Читать книгу Намаскар: здравствуй и прощай (заметки путевые о приключениях и мыслях, в Индии случившихся) - Евгений Рудашевский - Страница 12

Путевой дневник
14.07. Джайпур

Оглавление

Ты вечным счастьем счастлива, страна:

ты кормишь досыта, ты поишь допьяна

и водами из Ганга и Джамуны,

как материнским молоком, сильна{5}.

Рабиндранат Тагор

Гостиницу мы нашли простую. 400 рублей за номер с вентилятором.

Облака в Джайпуре были густо-серыми, тяжёлыми. Ночь началась здесь в половине восьмого. Тени прохожих слились в темноту общую; облака расслабились дождём. Хлынуло сразу и так обильно, что, стоя перед открытым окошком, мы с Олей не могли друг друга услышать.

Дождь ослабевал. Возвращал грохочущий напор. Вновь ослабевал. К утру изошёл весь – нам был уготован жаркий день чистого неба.

В десять часов мы уже стояли возле нижних стен форта Амбер. Наверх – к дворцу – туристов возят тихие, не способные к резкости слоны. Мы от подобного транспорта отказались. Местные торговцы, должно быть, уверены в скупости пеших туристов – не смущают их тихой прогулки и бегут вслед тем, кто едет на слоне: припрыгивают, тянут на палках сувениры (чудесной ловкостью не сваливаясь под мягкие, но смертельно тяжёлые подошвы слонов). Каждые сто метров торговцы отказываются в цене от 5–10 рублей; ко дворцу товар приводят в нужной им стоимости, а туристов – в нужной утомлённости. Так, под воротами тряпка или поделка, наконец, переходит к покупателю. Продавец, довольный не только деньгами, но и множество раз оправданной тактикой, бредёт неспешно вниз – отирает со лба испарину, дышит для нового забега.

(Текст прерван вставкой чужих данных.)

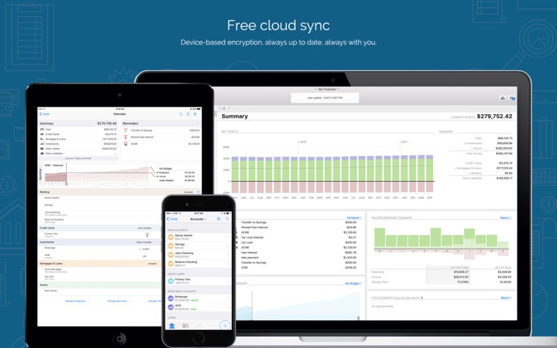 No matter where you are, you can enter transactions on the go with Banktivity for iPhone, or sync accounts, budgets and investments to Banktivity for iPad for mobile money management (apps sold separately).

Дворец махараджей скучен; не осталось в нём отблесков царской жизни. Грязные камни, однообразные стены, запахи туалета, солдаты, туристы и – ничего более. Один только вид на лощину, от стен дворцовых получившийся, оправдал вполне приезд наш в форт Амбер.

Оле дворец приглянулся – улочками путаными (по которым некогда расставлены были царские палаты), переходами сокрытыми из комнат маленьких в ещё меньшие, крохотными оконцами, мраморными решётками (мягкая резьба), узкими и пологими лесенками, высокими ступенями. В этом – сказочность, вкус арабских преданий, архитектурные напевы раджпутов и моголов.

На одном из многочисленных балкончиков меня остановил солдат. Улыбается, кланяется. Гостеприимство показать хочет – так мне подумалось. Указывает на себя, на меня. Я киваю ему. Солдат начал пальцем к фотоаппарату моему лезть и тут же себя по носу похлопывать. Хочет позировать мне – для пущего гостеприимства. Хорошо. Но только не здесь! Солдат противился тусклому виду за спиной; увёл меня в комнату пустую (где махараджа наложниц принимал), встал к стенке и – позирует. Я фотографирую. Киваю в благодарность, пусть снимки здесь неинтересные получаются. Хочу уйти, но солдат меня останавливает. Тянет свой берет – предлагает мне надеть его и сфотографироваться. Я наконец заподозрил, к чему объявилась такая приветливость. Вздохнув, отвечаю: «Нет». Солдат забрасывает берет на голову и спрашивает: «Money?» Можно было догадаться… Ощупью нашёл в кармане монетку. Протягиваю. Две рупии. Нет, такая плата ему неприятна. «Пятьдесят», – говорит он. Шлёпнув по карманам, я признал себя малообеспеченным, ещё раз предложил монетку; молча ушёл прочь.

В этот день я по́дал только одному – заклинателю змей; не за умелое его обращение с ветхой, облупившейся и беззубой коброй, но за приятную (классическую для заклинателей) мелодию. Это – работа. Но платить солдату национальной армии за исподволь навязанное позирование… К вечеру я привык, что добросердечие тут неизбежно оканчивается попрошайничеством.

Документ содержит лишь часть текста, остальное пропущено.